Your task: Please write out exactly, without any picture, each line from the first in the listing through the line that includes "With a travel".

Data below: Begin

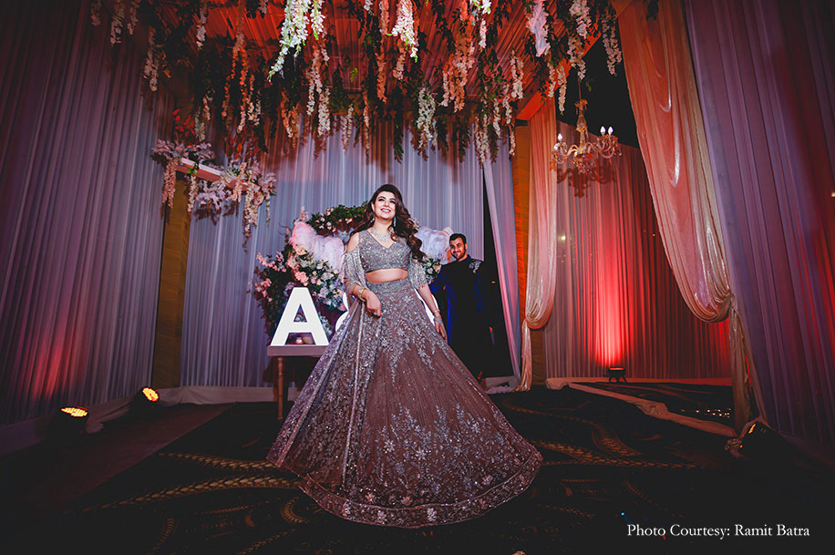 The festivities kicked off with a vintage glam cocktail abundant with rich, warm lights and lovely floral décor in pastel hues with pampas grass, antique chandeliers and LED signages. The groom looked elegant in a navy velvet bandhgala while the bride shimmered in a silver embellished lehenga for this function.
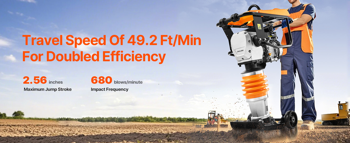 With a travel speed of 49.2 ft/min, the tamping rammer boosts work efficiency and saves time and labor costs.
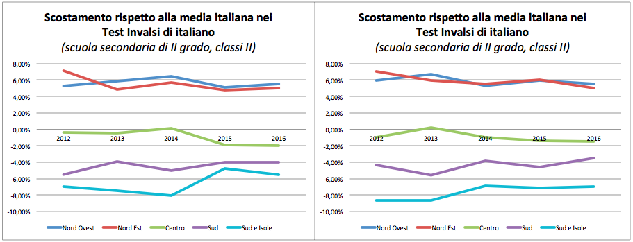 «Gli studenti del Nord Ovest (509) e del Nord Est (514) si collocano al di sopra sia della media nazionale (485) che della media OCSE (494), con una differenza statisticamente significativa; il Centro (485) è in linea con la media italiana ma sotto la media OCSE, mentre Sud e Sud Isole si collocano significativamente al di sotto delle due medie di riferimento con un punteggio medio rispettivamente di 464 e 446 così come le regioni dell’Area convergenza (Campania, Calabria, Puglia e Sicilia) con un punteggio di 454».
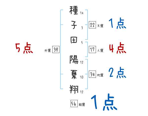 外運![]() | 種子田陽夏翔さんの外運は39画の5つ星!社交性に優れ人望が厚い。人の上に立ち成功する。 生活面を象徴する運勢です。外部から受ける影響力を表し、結婚運、家庭運や職場、環境への順応性を表します。 |

Data below: End

Solved exercise:
 The festivities kicked off with a vintage glam cocktail abundant with rich, warm lights and lovely floral décor in pastel hues with pampas grass, antique chandeliers and LED signages. The groom looked elegant in a navy velvet bandhgala while the bride shimmered in a silver embellished lehenga for this function.
 With a travel speed of 49.2 ft/min, the tamping rammer boosts work efficiency and saves time and labor costs.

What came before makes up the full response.